Born to Jewish parents in modern Ukraine (then part of the Russian Empire) in 1893, Kaganovich was the son of Moisei Benovich Kaganovich (1863–1923) and Genya Iosifovna Dubinskaya (1860–1933). Of the 13 children born to the family, 6 died in infancy. Lazar had four elder brothers, all of whom became members of the Bolshevik party. Several of Lazar's brothers ended up occupying positions of varying significance in the Soviet government. Mikhail Kaganovich (1888–1941) served as People's Commissar of Defence Industry before being appointed Head of the People's Commissariat of the Aviation Industry of the USSR, while Yuli Kaganovich (1892–1962) became the 3rd First Secretary of the Gorky Regional Committee of the CPSU. Israel Kaganovich (1884–1973) was made the head of the Main Directorate for Cattle Harvesting of the Ministry of Meat and Dairy Industry. However, Aron Moiseevich Kaganovich (1888–1960s) apparently decided against following his siblings into government, and did not pursue a career in politics. Lazar also had a sister, Rachel Moiseevna Kaganovich (1883–1926), who married Mordechai Ber Lantzman; they lived together in Chernobyl for a period, but she subsequently died in the 1920s and was interred in Kiev. 

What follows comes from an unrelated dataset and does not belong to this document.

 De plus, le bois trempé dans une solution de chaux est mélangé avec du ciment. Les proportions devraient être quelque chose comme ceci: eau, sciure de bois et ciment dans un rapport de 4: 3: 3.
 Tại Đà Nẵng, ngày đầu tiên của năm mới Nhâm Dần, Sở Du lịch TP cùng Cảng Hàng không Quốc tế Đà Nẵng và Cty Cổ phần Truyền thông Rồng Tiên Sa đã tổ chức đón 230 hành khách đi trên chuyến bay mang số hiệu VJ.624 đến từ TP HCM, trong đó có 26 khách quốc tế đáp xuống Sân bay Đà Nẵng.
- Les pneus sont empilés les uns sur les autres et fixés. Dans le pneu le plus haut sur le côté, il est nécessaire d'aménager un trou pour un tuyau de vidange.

Kaganovich worked as a shoemaker and became a member of the Bolsheviks, joining the party around 1911. As an organizer, Kaganovich was active in Yuzovka (Donetsk), Saratov and Belarus throughout the 1910s, and led a revolt in Belarus during the 1917 October Revolution. In the early 1920s, he helped consolidate Soviet rule in Turkestan. In 1922, Stalin placed Kaganovich in charge of organizational work within the Communist Party, through which he helped Stalin consolidate his grip of the party bureaucracy. Kaganovich rose quickly through the ranks, becoming a full member of the Central Committee in 1924, First Secretary of the Communist Party of Ukraine in 1925, and Secretary of the Central Committee as well as a member of the Politburo in 1930.
From the mid-1930s onwards, Kaganovich served as people's commissar for Railways, Heavy Industry and Oil Industry.

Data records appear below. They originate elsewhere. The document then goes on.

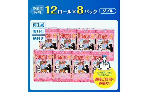 ピングー トイレットペーパー ダブル 96ロール キャラクターロール 香り付 可愛い 日用品 生活用品 消耗品 ギフト トイレ トイレトレーニング 防災 備蓄 柄付き 再生紙 イズミコーポレーション 富士市 [sf002-163]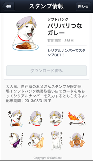 LINEマストバイであれば、言わずもがな「この商品を買えばLINEスタンプが貰えるよ!」ということになるわけですが、LINEスタンプの場合には“その先”があります。プレゼントを“貰って終わり”という従来のベタ付けに対し、LINEスタンプにはユーザがその後のコミュニケーションで利用するという利点があります。スタンプを通じてプレミアムキャンペーンの情報が広がっていくわけですね。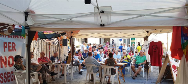 Purtroppo, Tonarelli si è ammalata ed a introdurre l’incontro ci hanno pensato Paolo Gianardi di Restiamo umani e Sara Martellacci, laureata a pieni voti con una tesi sul secondo biennio rosso a Piombino: alcuni degli operai, delegati e militanti protagonisti delle mobilitazioni di fini anni settanta, intervistati nella tesi di Martellacci, erano presenti e sono intervenuti nella discussione. Ha preso la parola fra gli altri anche Riccardo Antonini, licenziato dalle ferrovie per avere aiutato i familiari delle vittime della strage di Viareggio del 2009 a cercare la verità; Antonini è il coordinatore regionale de Il sindacato è un’altra cosa-Opposizione in Cgil.

During the Second World War, Kaganovich was commissar of the North Caucasian and Transcaucasian Fronts. After the war, apart from serving in various industrial posts, Kaganovich was also made deputy head of the Soviet government. After Stalin's death in 1953 he quickly lost influence. Following an unsuccessful coup attempt against Nikita Khrushchev in 1957, Kaganovich was forced to retire from the Presidium and the Central Committee. In 1961 he was expelled from the party, and lived out his life as a pensioner in Moscow. At his death in 1991, he was the last surviving Old Bolshevik. The Soviet Union itself outlasted him by only five months, dissolving on 26 December 1991.

Early life
Kaganovich was born in 1893 to Jewish parents
in the village of Kabany, Radomyshl uyezd, Kiev Governorate, Russian Empire (today Dibrova, Kyiv Oblast, Ukraine). Although not from a "fanatically observant" family, according to Kaganovich, he spoke Yiddish at home.

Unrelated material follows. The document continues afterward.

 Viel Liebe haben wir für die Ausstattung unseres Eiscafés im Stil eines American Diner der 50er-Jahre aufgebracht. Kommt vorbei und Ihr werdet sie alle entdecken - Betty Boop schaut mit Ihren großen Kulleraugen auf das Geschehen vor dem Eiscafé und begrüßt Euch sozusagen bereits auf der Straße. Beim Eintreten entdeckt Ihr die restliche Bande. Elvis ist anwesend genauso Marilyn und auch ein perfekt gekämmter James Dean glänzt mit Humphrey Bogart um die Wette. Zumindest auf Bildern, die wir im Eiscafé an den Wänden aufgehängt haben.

Around 1911, he joined the Bolshevik party (his older brother Mikhail Kaganovich had become a member in 1905). Early in his political career, in 1915, Kaganovich became a Communist organizer at a shoe factory where he worked. During the same year he was arrested and sent back to Kabany.

Revolution and Civil War
During March and April 1917, he served as the Chairman of the Tanners Union and as the vice-chairman of the Yuzovka Soviet. In May 1917, he became the leader of the military organization of Bolsheviks in Saratov, and in August 1917, he became the leader of the Polessky Committee of the Bolshevik party in Belarus. During the October Revolution of 1917 he led the revolt in Gomel.

In 1918 Kaganovich acted as Commissar of the propaganda department of the Red Army. From May 1918 to August 1919 he was the Chairman of the Ispolkom (Committee) of the Nizhny Novgorod Governorate. In 1919–1920, he served as governor of the Voronezh Governorate. The years 1920 to 1922 he spent in Turkmenistan as one of the leaders of the Bolshevik struggle against local Muslim rebels (basmachi), and also commanding the succeeding punitive expeditions against local opposition.

Communist functionary
In May 1922, Stalin became the General Secretary of the Communist Party and immediately transferred Kaganovich to his apparatus to head the Organizational Bureau or Orgburo of the Secretariat. This department was responsible for all assignments within the apparatus of the Communist Party. Working there, Kaganovich helped to place Stalin's supporters in important jobs within the Communist Party bureaucracy. In this position he became noted for his great work capacity and for his personal loyalty to Stalin. He stated publicly that he would execute absolutely any order from Stalin, which at that time was a novelty.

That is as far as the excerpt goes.